I found this term in Scrypt's paper. I have several questions about its meaning, ranging from how to parse it, to theoretical bounds:
Q1: How to parse it?
- Is it read
(sequential memory)-hard
? - Or
sequential (memory-hard)
?
Q2: What does it mean?
- Does it mean that as space is linearly reduced, then penalty is that is exponentially increased?
- Can we tell what is that exponent? Or does suffice to simply be an exponent, regardless of which exponent?
- In current practice, can we say something more specific about what that exponent for state-of-art functions beyond just "it's exponential"? I think it is within reach to make more specific claims.
- Ideally, is there any theorem that shows an upper bound for this exponent? E.g. can we say, for every reduced single unit of memory, amount of computation performed doubles? Tripples? Quadruples? ...?
Q3: Any better name?
- Is the name used in Scrypt's paper still the most accurate name?

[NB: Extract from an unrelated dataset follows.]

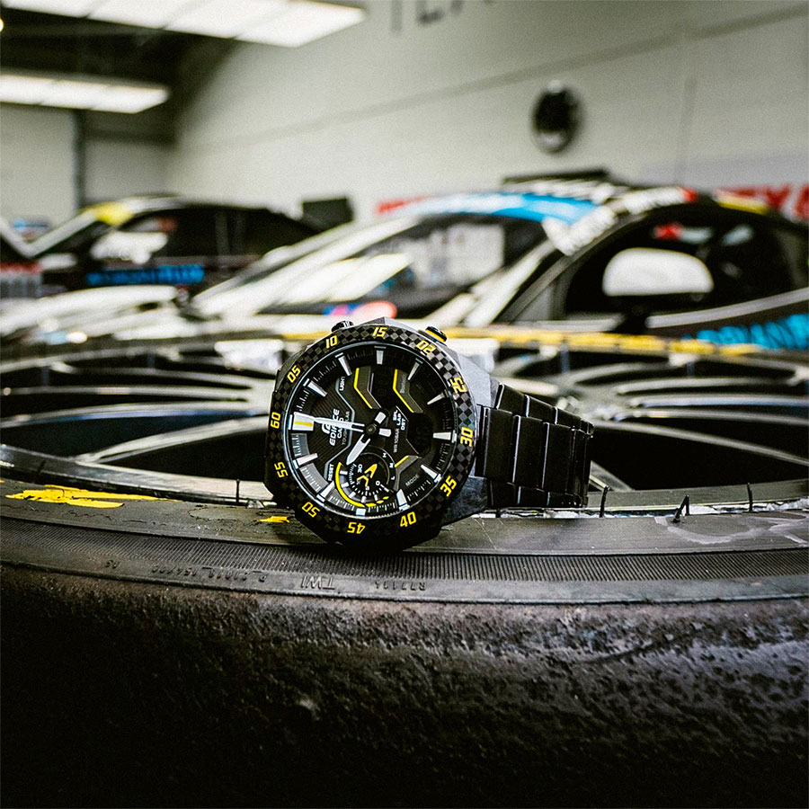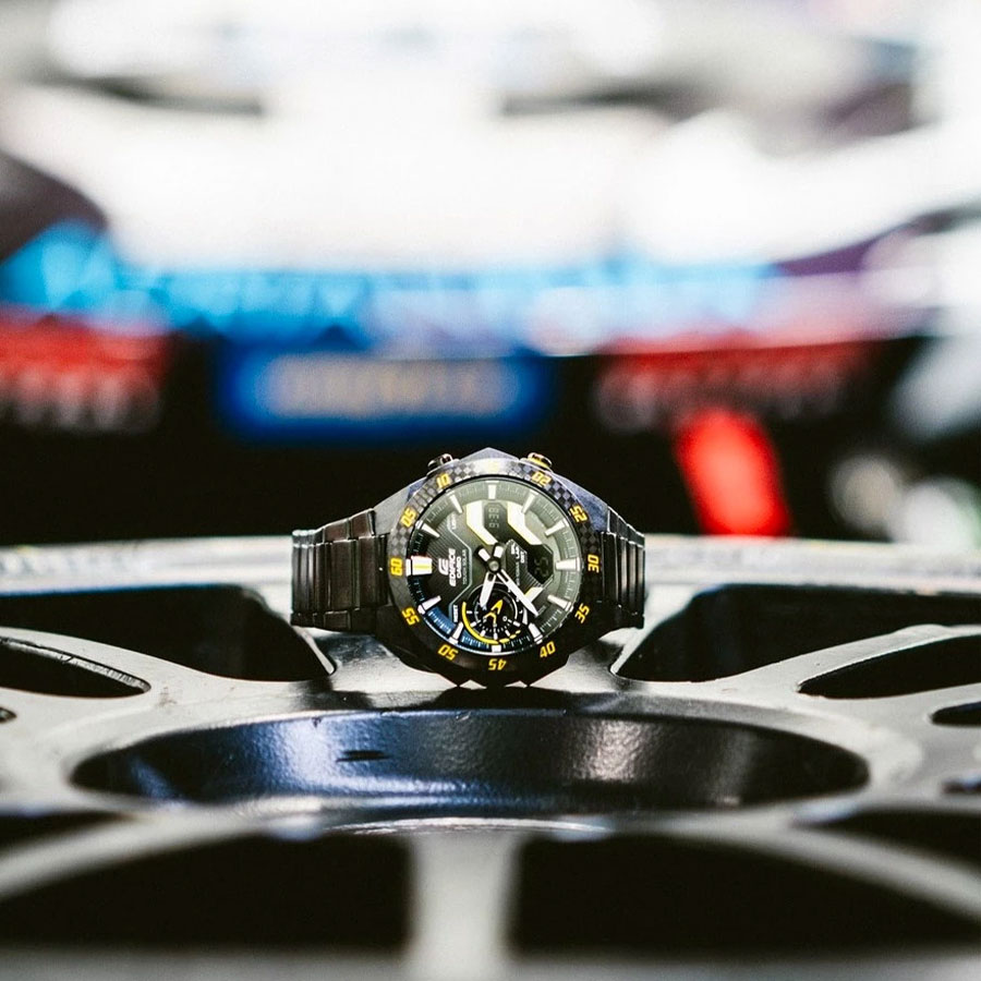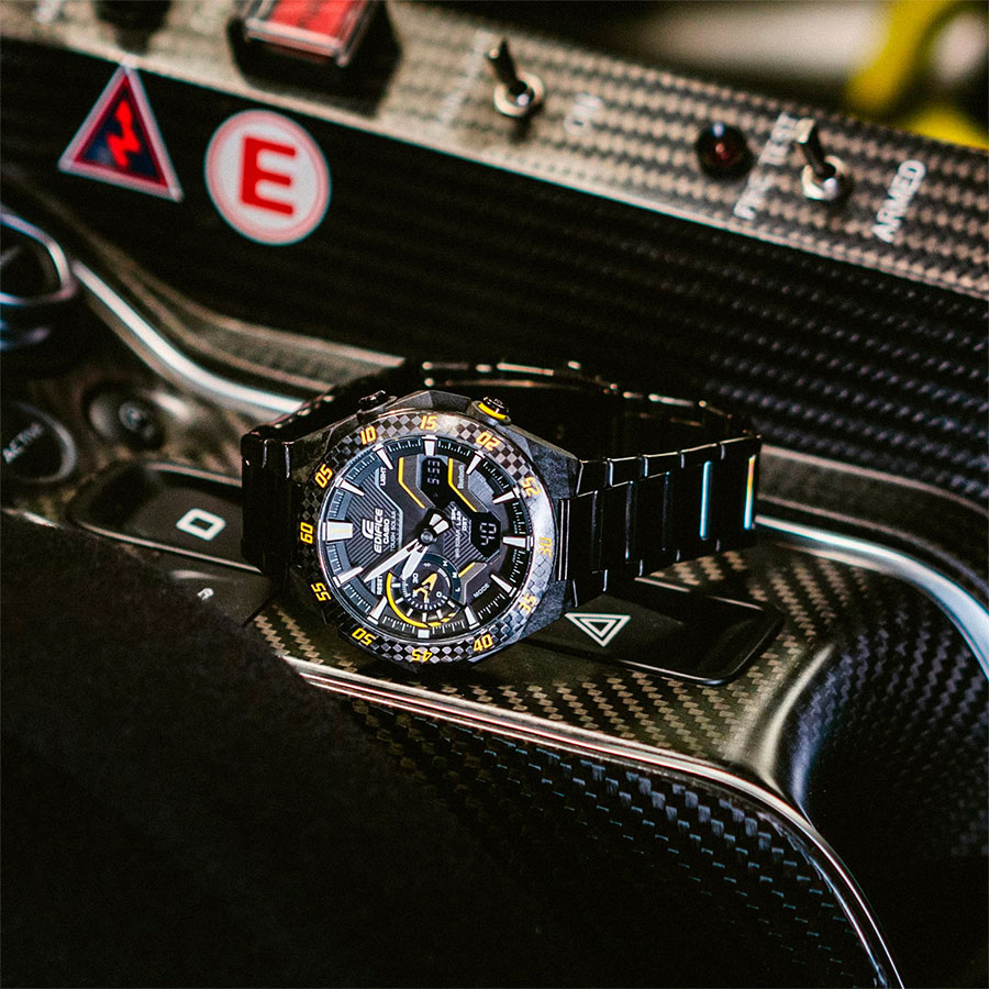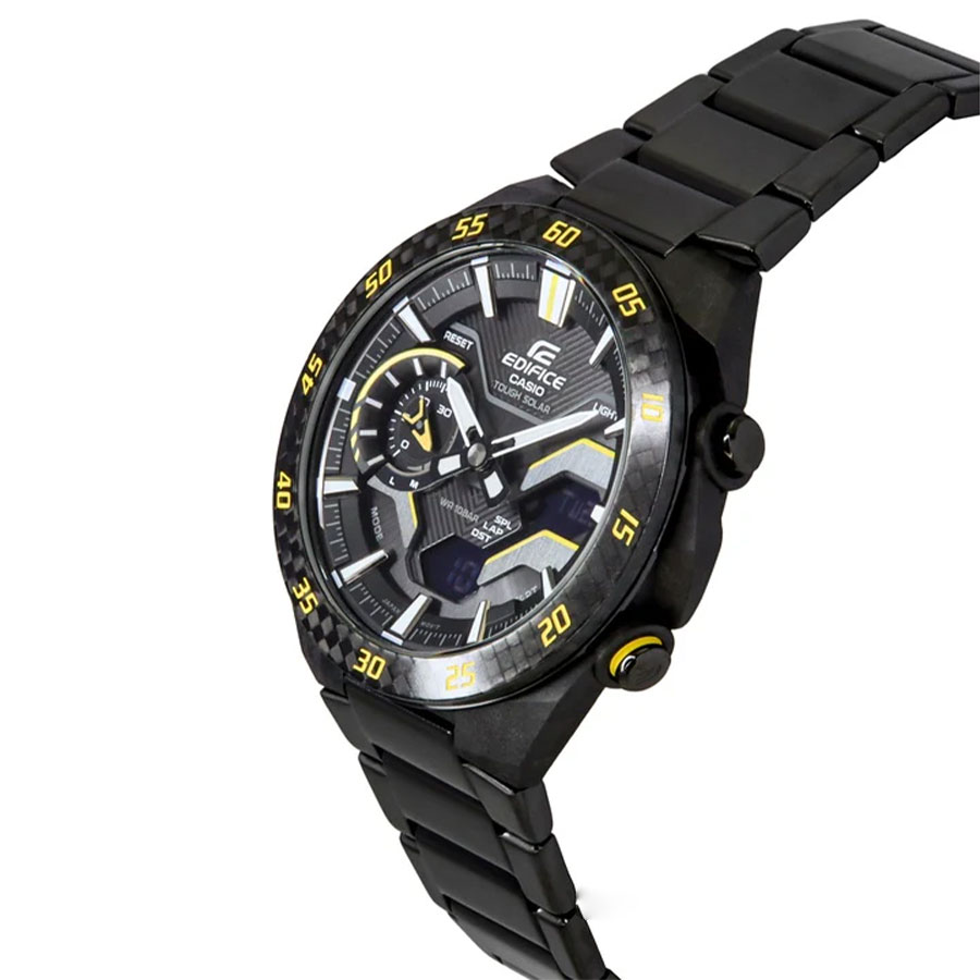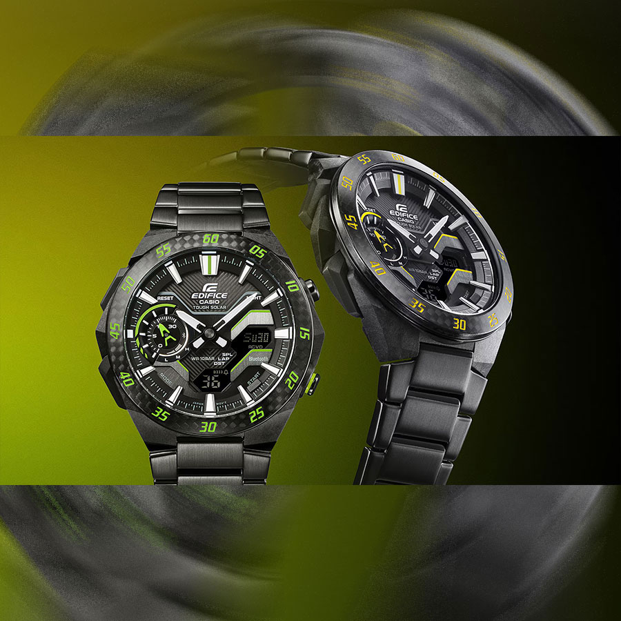 Кварцевые мужские наручные часы на солнечной батарее Casio ECB-2200RC-1A9 коллекции Edifice с технологией Bluetooth® Smart. Двойная (цифровая+аналоговая) индикация времени. Модельный ряд Windflow, вдохновленный гоночной трассой. Боковые грани корпуса созданы для ощущения ветра, струящегося по болиду Формулы-1, и четкий, объемный механический циферблат создают уникальный образ абсолютной скорости. Корпус из углеродного волокна в сочетании с нержавеющей сталью придает часам прочность, но при этом сохраняет их легкий вес, обеспечивая уникальный внешний вид. Калибр механизма — 5710. Аккумулятор данной модели заряжается от любого источника света. Срок работы аккумулятора с полным зарядом — около 7 месяцев при обычном использовании без воздействия света после зарядки и 18 месяцев при хранении в полной темноте с включенной функцией энергосбережения после полной зарядки. Примерный срок службы аккумулятора — 10 лет. Имеется режим энергосбережения (дисплей гаснет для экономии энергии, когда часы остаются в темноте) и индикатор уровня заряда батареи. С помощью Bluetooth® вы можете подключить часы к смартфону и получить доступ к полезным функциям. Часы автоматически связываются с телефоном через Bluetooth® и проверяют точность времени 4 раза в сутки. Возможности Bluetooth в данной модели: С помощью специального приложения CASIO WATCHES возможно установить время в конкретном городе (300 городов), установить точное текущее время, установить будильник, просмотреть показания секундомера, подстроить положение стрелок, записать данные о времени и  местоположении (TIME and PLACE). Функция поиска телефона - можно включить тоновый сигнал на телефоне, что позволит быстро найти телефон. Функциональность данной модели: формат времени 12/24; индикация даты и дня недели (в том числе на Русском языке); мировое время в 38 городах (в 38 часовых поясах); двойное время; автоматический календарь до 2099 года; 5 ежедневных будильников; сигнал начала часа; секундомер с измерением до 23 часов 59 минут 59 cек и записью результатов (до 200 записей); таймер обратного отсчета (диапазон времени 60 минут), двойная диодная подсветка циферблата с возможностью выбора времени свечения (1.5 или 3 секунды); функция выключения звука нажатия кнопок (Mute). Функция ручного перемещения стрелок (стрелки перемещаются в сторону, чтобы обеспечить беспрепятственный просмотр содержимого цифрового дисплея). Стрелки и метки покрыты необритовым (Neobrite) люминесцентным напылением (светятся в темноте). Карбоновый корпус усиленный вставками из нержавеющей стали. Стальной браслет. На браслет нанесено стойкое PVD покрытие. Водонепроницаемость WR100 (10 атм). Размеры корпуса: (ШхВхТ) 48.2x47.6x11.9 мм. Гарантийный срок — 3 года (1 год от производителя + 2 года от магазина).

- Is there a better name for it that the cool kids like to use nowadays more? In Argon2's paper, as well as Here, it seems to be called
memory-hard
. Does it mean thatmemory-hard
is the better name to adopt? E.g. what do the coolest gurus in top cryptographic journals tend to use? - Optional: any reason the Scrypt paper didn't call it
memory-hard
? Or was it just the randomness of life?